Oh and I was thinking last night after all of the claws I could find were a fortune, I think I am going to make my own. What I am thinking is get some wire; maybe the anchor line I got (still have about 80 ft left) and make the shape of a claw; and make a longer wire so I can secure it to my paw so it won't hang off, and then cast a mold around the wire in the shape of a claw. I can then paint it. Any suggestions on making the mold? I was thinking maybe melt plastic into a mold, or clay and bake it; rounding it down with fine sandpaper, or hot glue and paint them? Any suggetions at all?


----------



## Keryu (Aug 19, 2009)

Hmm, for you're claws, I would suggest a much easier method and just sculpting them out of clay. Their very light weight and can be replaced easily ^^ then you can make a backing to the claw and basically making it an anchor. I LOVED how that worked with my fox suit last year. They stayed in there and her nice and tight and did not move easily. The only problem I had with them is where I placed them. Since they did not bend or anything, and I placed them so low on the paws (feet paws) the ground wore them away quickly so as long as you bring them up to a good level, I'm positive it'll be perfect ^^


----------



## Scout_Auxfur (Aug 19, 2009)

Thanks for the tip! I was thinking about using clay, but wouldn't I need a kiln to bake them? I'm not entirely familiar with use of clay... Also I would worry about them shattering from hitting concrete. Oh and allong the lines of rear paws, do you have any reccommendations on creating wear resistant paws? I am worried that they will get destroyed from normal walking... And any tips on pawpads?


----------



## Keryu (Aug 19, 2009)

Clay: Well I know your concerns but luckily there is a special clay out there! It's sold at most art stores alike Joann's and Micheal's >w< there are two kinds I recommend that are cheap and very nice: Sculpey and Fimo. Both can be baked in the oven and do not shatter! It's like a plastic clay and it hardens nicely ^^

As for the paws, I have yet to find any solution except make a pair of sandles for the foot paws. It's the only thing I can imagine that would protect them from everything. Hmm... other then that I have seen someone use a kind of rubber. What I think they did was made a cast in plaster of huge wolf paw pads then pore in some dragon skin
http://www.reynoldsam.com/index.php?cPath=2_1115_1129
That is my best advise for the paw pads ^^


----------



## Scout_Auxfur (Aug 19, 2009)

Thanks for the tips, I am now leaning on picking up some faux leather at joann's or somewhere like that and making pads; putting some padding undernieth and sewing them on. And I will definatly take a look at that clay, that sounds like a great idea.

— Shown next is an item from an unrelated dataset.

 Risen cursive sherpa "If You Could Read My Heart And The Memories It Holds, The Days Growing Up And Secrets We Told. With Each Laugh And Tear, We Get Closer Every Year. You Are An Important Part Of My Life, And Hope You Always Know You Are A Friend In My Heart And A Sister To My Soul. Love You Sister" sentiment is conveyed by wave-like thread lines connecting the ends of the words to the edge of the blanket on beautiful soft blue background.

Oh and picture-wise, I will post new pictures of the head as it comes allong, after I get the rear fabric sewn on, which comes today!


----------



## Keryu (Aug 19, 2009)

Awesome! Well good luck ^^


----------



## Scout_Auxfur (Aug 20, 2009)

Hi everyone that has bothered to read my post  I just got the fur I ordered, and have done some further work, and I wanted to share the most recent pictures. You can see them here: Scout Auxfur So anyways I got the fur today; and it was not what I expected, but it will work. And after looking at my head it does seem a bit weird with the gray hair in back (kind of looks like a "hick" haircut) but anyways not too bad for a first fursuit... What does everyone else think? I still need to add the nose, jaws w/teeth, lips and eyes... So what does everone think, any opinions?

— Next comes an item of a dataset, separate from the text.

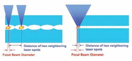 Figure 2 Higher pulse energy (A) allows the use of greater spacing between spots, because the cutting process is driven primarily by expanding cavitation and residual gas bubbles. Lower pulse energy (B) and smaller spot size and volume require substantially more spots with tighter spacing and greater overlap, as the cutting process here is driven primarily by the plasma itself. To deliver this many spots in a reasonable time frame requires a very-high-frequency engine (VISUMAX).
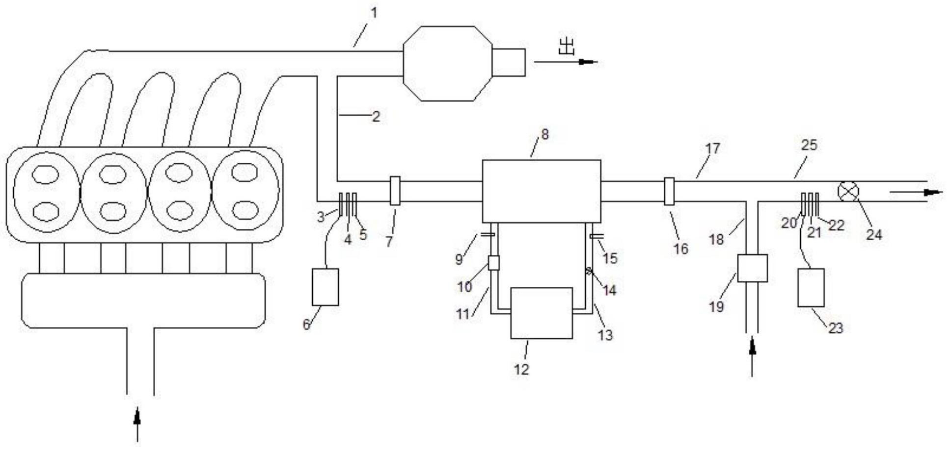 3.根据权利要求1所述的废气再循环中冷器换热效率试验台,其特征在于,所述前EGR管(2)上还设置有前气体取样口(3),前气体取样口(3)连接前气体分析仪(6);所述后EGR管(17)与EGR尾管(25)之间连接有标准气进气管(18),标准气进气管(18)上设有标准气流量计(19);所述EGR尾管(25)上设有后气体取样口(20)和背压阀(24),后气体取样口(20)连接后气体分析仪(23);所述背压阀(24)、前气体分析仪(6)、标准气流量计(19)和后气体分析仪(23)分别连接电子控制单元。

Oh and I picked up a zipper, fake leather fabric and more sewing supplies from the store (can't believe how many needles I have broken!) I'm going to try using the fake leather fabric to make the paws, with padding underneith; see how it turns out...


----------



## Glitch (Aug 20, 2009)

Oh, I do believe how many needles you broke.  I broke two on my partial alone.

Try combing out the fur (I went and bought a flea comb; it wasn't used at all except for my suit - it makes the fur really nice and takes out loose clumps), and making the transition to the length to the grey strip in the back a little more gradual.  I recommend using electric clippers - like the do for haircuts - or just using scissors.  With scissors, be sure to cut at an angle just so there aren't rows of fur.  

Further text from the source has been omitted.